Citation, DOI & article data
Kilovoltage peak (kVp) is the peak potential applied to the x-ray tube, which accelerates electrons from the cathode to the anode in radiography or computed tomography. Tube voltage, in turn, determines the quantity and quality of the photons generated. An increase in kVp extends and intensifies the x-ray emission spectrum, such that the maximal and average/effective energies are higher and the photon number/intensity is higher.
Along with the mAs (tube current and exposure time product) and filtration, kVp (tube voltage) is one of the primary settings that can be adjusted on x-ray machines to control the image quality and patient dose.

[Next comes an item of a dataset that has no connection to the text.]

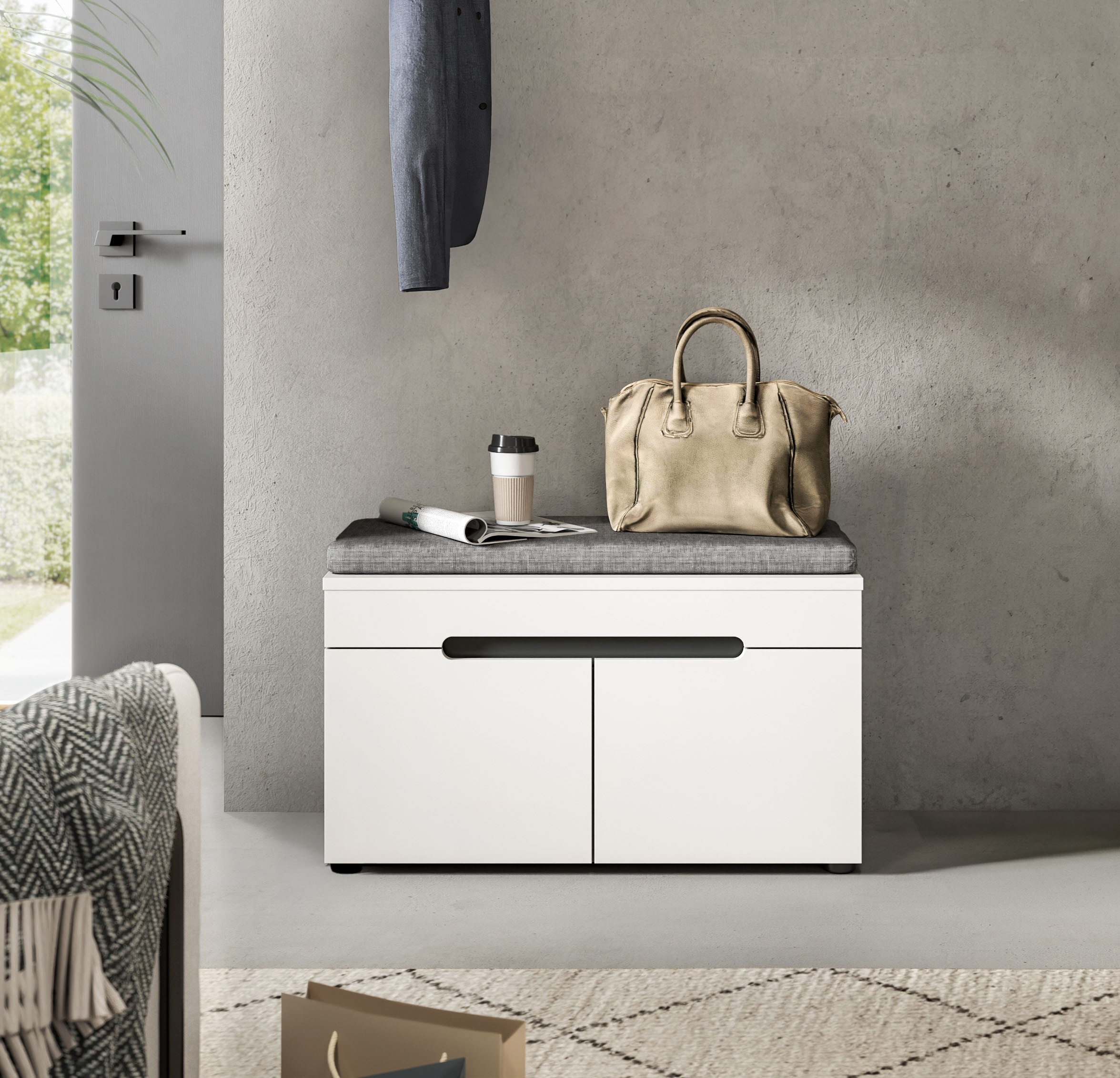 INOSIGN Banc »REHAT, TOPSELLER!, Breite 80cm, 2 Türen, 2 Fächer inkl. Sitzkissen« in verschiedenen Farben erhältlich, 2 cuis tlg. Garderobenbank, Flurbank, Dielenbank, Bank mit Stauraum, Bank

The first consideration when selecting the kVp is ensuring adequate penetration and exposure 5,7, which depends on photon number, photon energy, and tissue attenuation (which depends on attenuation coefficient and thickness). There must be an adequate number of sufficiently energetic photons that penetrate the patient and reach the image receptor. Exposure at the image receptor increases approximately by the fifth power of the change in kVp (due to a combination of increased photon number and penetrability), such that a 15% increase in kVp doubles the intensity at the detector 7,8. Particularly in larger body parts, such as obese adult torsos, lower energy photons are absorbed completely without contributing to image formation. In such situations, higher kVp is employed to improve the x-ray intensity reaching the receptor, thus increasing the signal to noise ratio on the images.
Once sufficient exposure is ensured, the next consideration for adjusting kVp is image contrast. At higher photon energies, photoelectric effect interactions are less frequent, so a higher proportion of photon interactions are Compton scatter, which varies less between different tissues than the photoelectric effect does. Moreover, higher energy photons are more likely to travel through the patient without any tissue interaction. Consequently, higher energy x-ray beams generate images with poorer contrast 6.
When given satisfactory penetration and contrast, the radiation dose to the patient must also be considered when setting the kVp. Photon quantity output is approximately proportional to a power function, kVpn, where n is approximately 2 in radiography and 2.6 in CT (with the variation related to differences in filtration and beam shape) 3,4. For example, an increase from 100 to 120 kVp would increase CT dose index by more than 50% if other parameters were held constant.
In reality, so as to not increase dose unnecessarily, the mAs setting is typically adjusted down to compensate for the increased photon quantity caused by increasing kVp. Modern digital imaging systems achieve this through automated methods. As the fifth-power rule of thumb goes 7, to maintain the same image receptor exposure, every 15% change in kVp should be accompanied by an inverse adjustment in mAs by a factor of 2.
The ability to reduce mAs by a fifth-power relation is more than adequate to balance the second to third power direct effect of increasing kVp on photon quantity. The difference is related to how the probability of energy absorption in various biologic tissues declines dramatically over the range of photon energies used for diagnostic imaging 9. Thus, absorbed dose can be reduced while keeping the image receptor exposure constant by choosing a higher kVp and lower mAs. As this reduction is achieved with higher energy photons, however, the tradeoff is lower image contrast. Lower kVp techniques may be employed at lower dose when contrast is more important (e.g. CT angiography of the abdomen 10) or when noise related to attenuation is less of a problem (e.g. children 11).